Curiously, there are no examples of tobacco or its paraphernalia speaking in the comprehensive list of 284 English ‘object narrative’ novels published between 1700 and 1900 (Bellamy, 2007[1998]), a somewhat strange omission for an assemblage so profoundly entangled in human life and thought during this time. A short interchange takes place between a tobacco pipe and a perfumed ‘bag-wig’ in Christopher Smart’s ‘poetic fable’ published in 1752. The pipe defends itself against the wig’s criticisms of its ‘barb’rous English! horrid Dutch!’ breath by arguing that [I] ‘with my cloud-compelling aid / Help our plantations and our trade’ (p. 213). But this seems a relatively small contribution considering (or perhaps because of) the growing ubiquity and ‘taken for granted’ nature of tobacco and its products.

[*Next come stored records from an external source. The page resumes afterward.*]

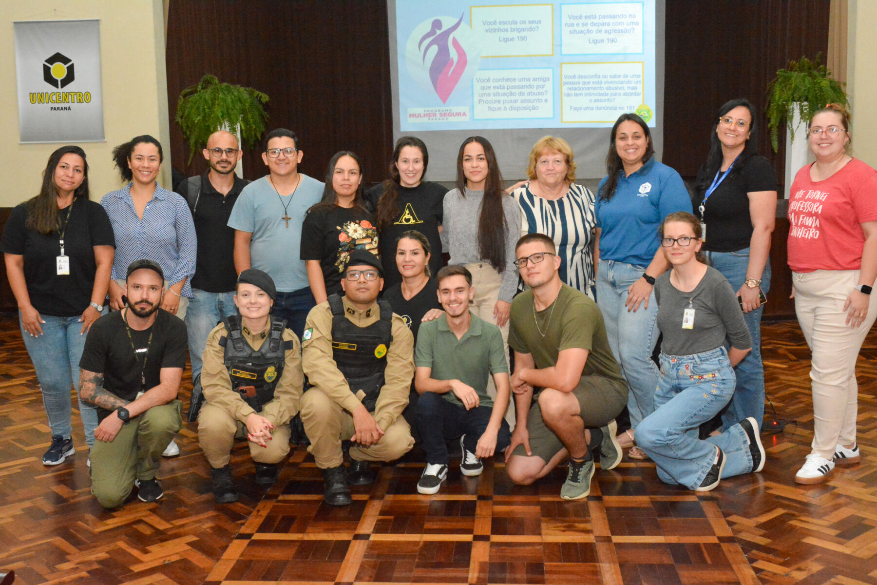 Durante as falas na Unicentro, integrantes da 8ª Companhia Independente de Polícia Militar enfatizaram a importância da segurança de mulheres em situação de violência. “A Patrulha Maria da Penha trabalha principalmente com a prevenção, mas também com os flagrantes, que é a intervenção quando o fato está ocorrendo”, explica o soldado Khaioma.
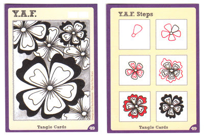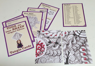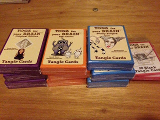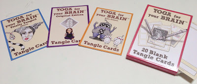 I designed one card pack for each of the books - companion cards. There is a Totally Tangled pack, a Yoga for Your Brain pack and a Zentangle for Kidz! pack. Also a smaller bag of DIY, blank cards so you can record your own tangles.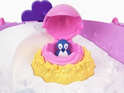 Partea de jos a setului este un adevărat parc de distracții: copiii vor iubi toboganul spre zona cu apă, leagănul și ouțul misterios din care „iese” un pinguin drăgălaș. Micul cangur ascunde în plus un al doilea mini spațiu pentru și mai multă joacă. În pachet se găsesc mini păpuși, animăluțe și multe accesorii pentru îngrijire și hrănire.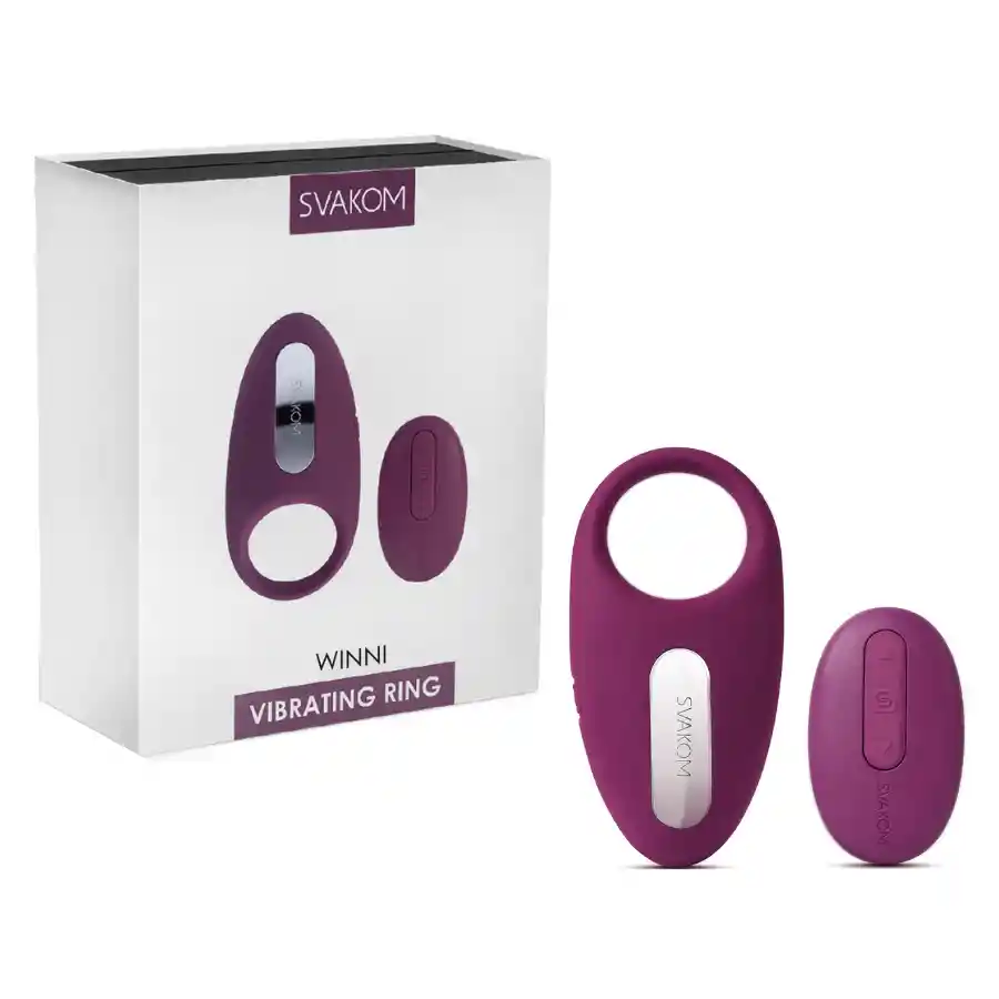 ¡El regalo perfecto para un hombre! Anillo Vibrador Para El Pene Winni Svakom Winni es un anillo vibrador que tiene la capacidad de mejorar el sexo en pareja, puesto que puede prolongar la resistencia del hombre y el placer de la mujer al mismo tiempo. Se recomienda usarlo a su vez como estimulador de clítoris. Puede usarse en remoto, para experimentar una interacción mucho más explosiva con su pareja, gracias a este control, se podrá ajustar los modos y la intensidad a gusto. Además, incluye una vibración Winni, que es extra potente para llevarlos al clímax en contados segundos. Disfruta de experiencias diferentes y agrega un poco de picardía a tu vida. Características: • Contenido: Anillo Vibrador + Bolsa protectora + Cable de carga + Guia de uso + Folleto de seguridad • Anillo y vibrador • Control remoto • 5 modos de vibración • 5 niveles de intensidad • Material: Silicona grado médico + ABS • Medidas: 9 Cm x 4.6 Cm x 3 Cm • Batería recargable por medio de cable USB tipo plug (Adaptador de corriente no incluido) • Tiempo de carga: 1 hora • Tiempo de uso: 1 hora aproximado • Resistencia al agua: IPX4: Protege de salpicaduras de agua, sin importar la dirección. No es sumergible. • Control remoto inteligente funcional hasta 10 m. de distancia • Garantía: 1 año PRECAUCIONES: No usar por más de 30 minutos, ni dormir con él puesto. Si siente dolor o incomodidad, quitarlo de inmediato. Descúbrenos y descubre el placer y el bienestar No lo pienses y disfruta de grandes momentos. Limpieza: Antes de usar el juguete por primera vez, y después de cada uso, este debe ser limpiado para reducir el riesgo de infecciones, mantener la higiene adecuada evitara el deterioro rápido del juguete. Cuidado: Para una experiencia más placentera, es ideal que el uso de este juguete sea con lubricantes a base de agua. No se deben usar lubricantes de silicona con juguetes de silicona. Podrían sufrir daños irreversibles. Confidencialidad: Tu producto llega en empaque 100% discreto, cuidamos tu privacidad.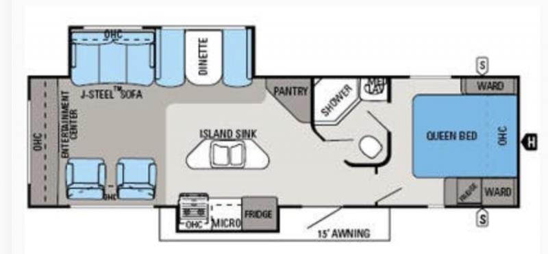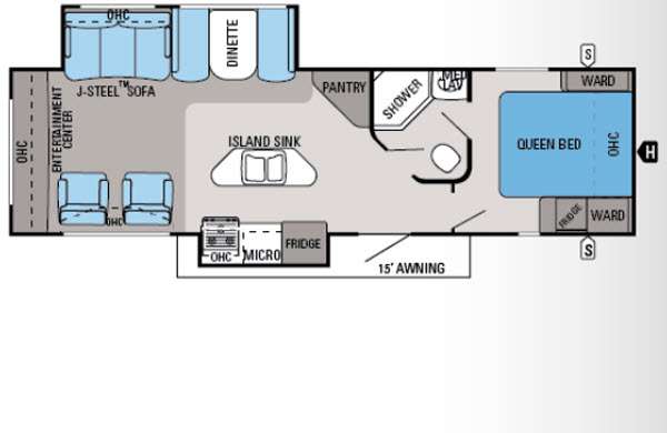 As you enter the travel trailer, to the left is a slide with a refrigerator, microwave, and three burner range. The kitchen island has a double kitchen sink. In the corner you will find a large corner pantry. The opposite side has a slide with a dinette and sofa. Along the rear wall is an entertainment center. You can also enjoy relaxing in the two lounge chairs.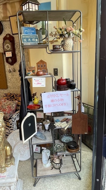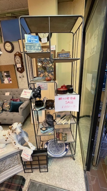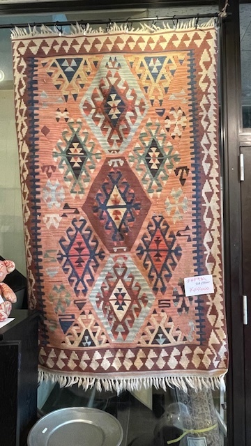商品を随時入れ替えして展示をしています。備品で使われていた家具などは、お得なものが多くあります。両袖デスクは¥88,000で、送料は別途になります。アンティーク キリムは半額以上のお得な商品です。お勧めはスペイン数百年の歴史があるタイルもあります。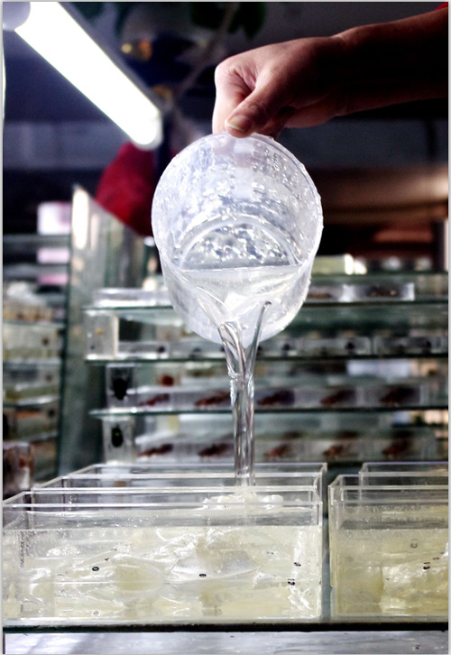 3、標本體放入透明模具、添加樹脂材料進行封埋

In a later article in Chambers’s Journal, a cigar narrates his story to the public (Anon, 1858: 71). In a classic example of the style by which the bourgeois adult male was inducted into legitimate forms of masculine consumption through acquiring the knowledge, skills and purposive rationality required of the gentleman connoisseur (Hilton, 2000), the cigar proceeds to give readers its perspective on the distinguishing characteristics of the tobacco family around the world. Thus the American is ‘supposed to be the best’, while Brazilian tobacco ‘is a very short scrappy-looking leaf … covered with the sands of the plains’ (p. 71). Havana ‘is unquestionably our ancestral seat; the heads of our family there reside, respected and esteemed, and emitting a most agreeable odour’. Turkish tobacco is brightly coloured, sweet tasting but weak, while Latakia [a Syrian province] is ‘aristocratic, enervated, [and] listless’ (p. 72). Holland is ‘respectable’, Java ‘volcanic’, and the German ‘a poor relation whom we are loath to own, with a most prolific growth – which poor relations always have’ (p. 72). There is some knowing commentary on how ‘boxes, brands, and labels are all imitated, or made up by the junior clerks out of the Spanish dictionary’ (p. 72), and how, through the use of additives ‘there is quite a Borgia system of poisoning administered to the British public, under pretence of the pipe of peace’ (pp. 72–73). Yet for all the cigar speaks, it is the male consumer who is ultimately in control: But, alas, alas, I am in the hands of a purchaser; it is well that my story is told; for my existence will be but for a few minutes longer, and then my ashes will be scattered on the winds! (Anon. 1858: 73)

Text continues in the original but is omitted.